If I were doing it again, I’d look at VillaVieja 17 or HoliHome Rambla 24 — both well-reviewed for families and a little further from the bar strips. Whatever you book, read recent reviews specifically for noise. And check that they can provide a travel cot — Tomate did, which was the one thing they had going for them by the end.
Where We Ate (Because You Still Need to Eat)
I fully expected to spend the entire trip eating toast in the apartment. We actually managed to eat out more than I’d anticipated, which felt like a genuine victory.
The trick was timing everything around Mila’s sleep. We’d walk until she dropped off, then quickly find a terrace and sit down before she woke up. It required a certain military precision, but it worked more often than not.

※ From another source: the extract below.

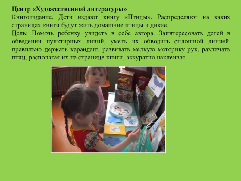 Цель: Помочь ребенку увидеть в себе автора. Заинтересовать детей в обведении пунктирных линий, уметь их обводить сплошной линией, правильно держать карандаш, развивать мелкую моторику рук, различать птиц, располагая их на странице книги, аккуратно наклеивая.

Coffee: MO’s Specialty Coffee is takeaway only but very good. Charo Coffee House is better if you actually want to sit down — we spent a lot of time there.
Breakfast and brunch: El Palacete was our favourite — spacious, relaxed, family-friendly in that effortless Spanish way. Espacio Elemental and Madness Coffee Roasters were both good too.
Dinner: Vino y Mas for tapas on a terrace — cheap, delicious, nobody minds if you’ve got a baby. Pesca al Peso did the best value set menu I’ve eaten in years and I still think about it. Very casual, families absolutely welcome.
I’ve tagged everything on a custom Google Map here if you want to save it before you go.


What I Learned (That Nobody Told Me)
Pack more sleepsuits than you think you need. Mila had reflux. Six sleepsuits lasted approximately one day. Bring eight minimum, accept that you will still do laundry.
Five days was the right length. Four would have felt rushed and stressful. Six would have required packing more than I was capable of organising at that point in my life. Five was the sweet spot — enough to actually relax into it, not so long that we ran out of anything critical.
The test-run concept is real and it works. By the time we got on the plane to Mexico, we knew exactly what Mila needed on a flight, what we’d over-packed (nearly everything) and what we’d under-packed (sleepsuits, muslins, more muslins). I genuinely don’t think that long-haul trip would have gone as smoothly without Alicante first.
If you’re sitting there at 3am wondering whether it’s too soon, whether you’re mad, whether you can actually do this — the answer is yes, you probably can. Start small, go somewhere close, and accept that nothing will go exactly to plan. It didn’t for us. It was still wonderful.